Maria Gion Cortes (Madrid, Spain)
Hospital Universitario Ramon y CajalAuthor Of 2 Presentations
14P - Gut and oral microbiota profiling in patients (pts) with hormone receptor-positive (HR+) metastatic breast cancer (MBC) receiving pembrolizumab (P) plus eribulin (E): CALADRIO (ID 32)
- Nancy Teng (Norwich, United Kingdom)
- Matthew J. Dalby (Norwich, United Kingdom)
- Raymond Kiu (Norwich, United Kingdom)
- Tim Robinson (Bristol, United Kingdom)
- Maria Gion Cortes (Madrid, Spain)
- Begona Bermejo De Las Heras (Valencia, Spain)
- Jose Manuel Perez Garcia (Barcelona, Spain)
- Lourdes Calvo-Martinez (A Coruña, Spain)
- Aleix Prat (Barcelona, Spain)
- Raul Marquez Vazquez (Madrid, Spain)
- Manuel Ruiz Borrego (Seville, Spain)
- Susana De la Cruz (Pamplona, Spain)
- Antonio Llombart Cussac (Valencia, Spain)
- Giuseppe Curigliano (Milan, Italy)
- Peter Schmid (London, United Kingdom)
- Mario Mancino (Valencia, Spain)
- Lindsay Hall (Norwich, United Kingdom)
- Stephen Robinson (Norwich, United Kingdom)
- Javier Cortes (Madrid and Barcelona, Spain)

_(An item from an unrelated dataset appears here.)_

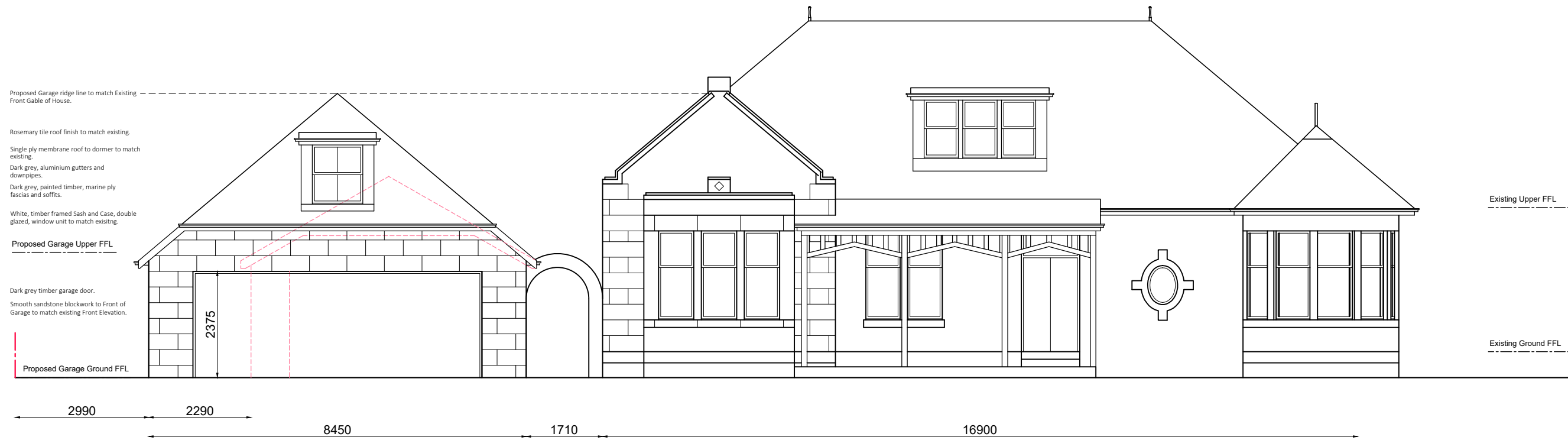
North (Front) Elevation as Proposed @ 1:100

- Andrea Malfettone (Barcelona, Spain)
Abstract
Background
Changes occurring in host-associated microbial communities (i.e. microbiota) may modulate responses to checkpoint blockade immunotherapy. We previously showed that anti-programmed cell death 1 protein P added to microtubule-targeting chemotherapy E has an encouraging antitumor activity in HR+ MBC pts regardless of programmed death-ligand 1 status. The CALADRIO study assessed the impact of gut and oral microbiota on clinical outcome of pts from the KELLY trial.
Methods
The phase 2 KELLY trial investigated the efficacy and safety of P plus E in 44 pts with pre-treated, HR+, HER2-negative, locally recurrent inoperable or MBC (NCT03222856). Fecal and saliva samples were prospectively collected at baseline (BL), after 3 cycles, and end of treatment from a subset of pts. Tumor response was grouped into clinical benefit (CB; complete or partial responses, or stable disease [SD] ≥24 weeks) and no CB (SD <24 weeks or progressive disease) as per RECIST 1.1. Shotgun metagenomic and 16S rRNA gene sequencing were used to characterize fecal and saliva microbiota profiles, respectively. Microbiota data were analyzed using MEGAHIT, LEfSe, Wilcoxon ranked sum, and PERMANOVA methods.
Results
A total of 58 fecal and 68 saliva samples were collected. Overall P+E did not cause significant gut or oral microbiota perturbations, indicating any drug-related microbial toxicity. Across all pts, dominant gut microbiota genera included Bacteroides and Faecalibacterium, with a common oral microbe, Prevotella, also present. LeFSe analysis suggested CB was driven in part by gut-associated Bacteroides fragilis and oral-associated Streptococcus with an abundance ≥50%. Pts experiencing CB had gut and oral microbiota richness at BL and a decrease over treatment potentially related to the antibiotic usage. Several typical oral microbes in both saliva and fecal samples were also observed, suggesting a potential translocation along the oral-gut axis.
Conclusions
These preliminary findings suggest potential avenues for downstream microbiota pts stratification before commencement of treatment. Further investigation is required in larger cohorts.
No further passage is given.